Before we can access resources from datalake behind Knox we need to insure that the cert presented by the Knox instance is trusted. If the deployment is using certs signed by a well-known ca, then we generally don’t have to do anything. If we are using Knox self-signed certs or certs signed by an internal ca of some sort then we must import them into the KnoxShell truststore. While this can be located in arbitrary places and configured via system properties and environment variables, the most common approach is to use then default location.

// exit knoxshell
^C

bin/knoxshell.sh buildTrustStore https://nightly7x-1.nightly7x.root.hwx.site:8443/gateway/datalake-api

ls -l ~/gateway-client-trust.jks

// to reenter knoxshell
bin/knoxshell.sh

With the default password of ‘changeit’.

Mount a WebHDFS Filesystem

We may now mount a filesystem from the remote Knox instance by mounting the topology that hosts the WebHDFS API endpoint.

:fs mount https://nightly7x-1.nightly7x.root.hwx.site:8443/gateway/datalake-api nightly

Accessing a Filesystem

Once we have the desired mount, we may now access it by specifying the mountpoint name as the path prefix into the HDFS filesystem.

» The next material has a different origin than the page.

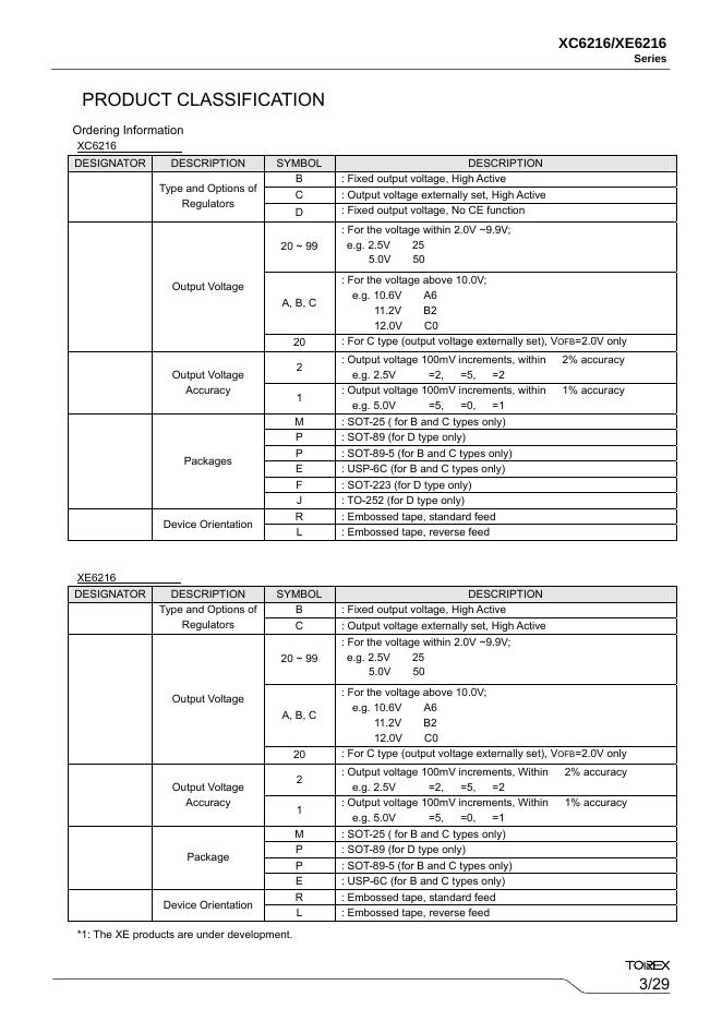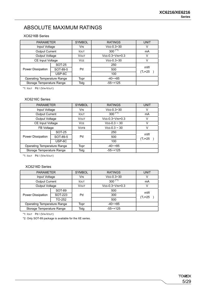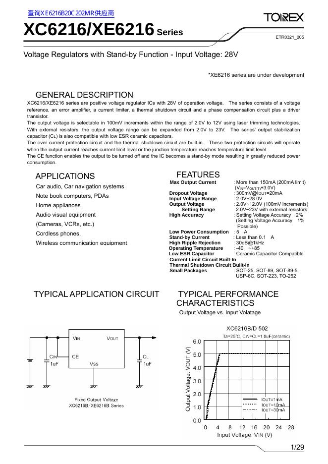 TOREX XC6216/XE6216Series Voltage Regulators with Stand-by Function - Input Voltage: 28V 数据手册.pdf

Upon mounting or first access, the KnoxShell will prompt for user credentials for use as HTTP Basic credentials while accessing WebHDFS API.

Once we authenticate to the mounted filesystem, we reference it by mountpoint and never concern ourselves with the actual URL to the endpoint.

Put Tables into DataLake

Above, we have put the previously persisted CSV files into the tmp directory of the mounted filesystem to be available to other datalake users.

We can now also access them from any other KnoxShell instance that has mounted this filesystem with appropriate credentials. Let’s now cat the contents of one of the CSV files into the KnoxShell and then render it as a table from the raw CSV format.

Pull CSV Files from WebHDFS and Create Tables

Note that the cat command returns the CSV file contents as a string to the KnoxShell environment as a variable called ’_’ .

This is true of any command in groovysh or KnoxShell. The previous result is always available as this variable. Here we pass the contents of the variable to the CSV KnoxShellTable builder string() method. This is a very convenient way to render tabular data from a cat’d file from your remote datalake.

Also note that tables that are assigned to variables within KnoxShell will render themselves just by typing the variable name.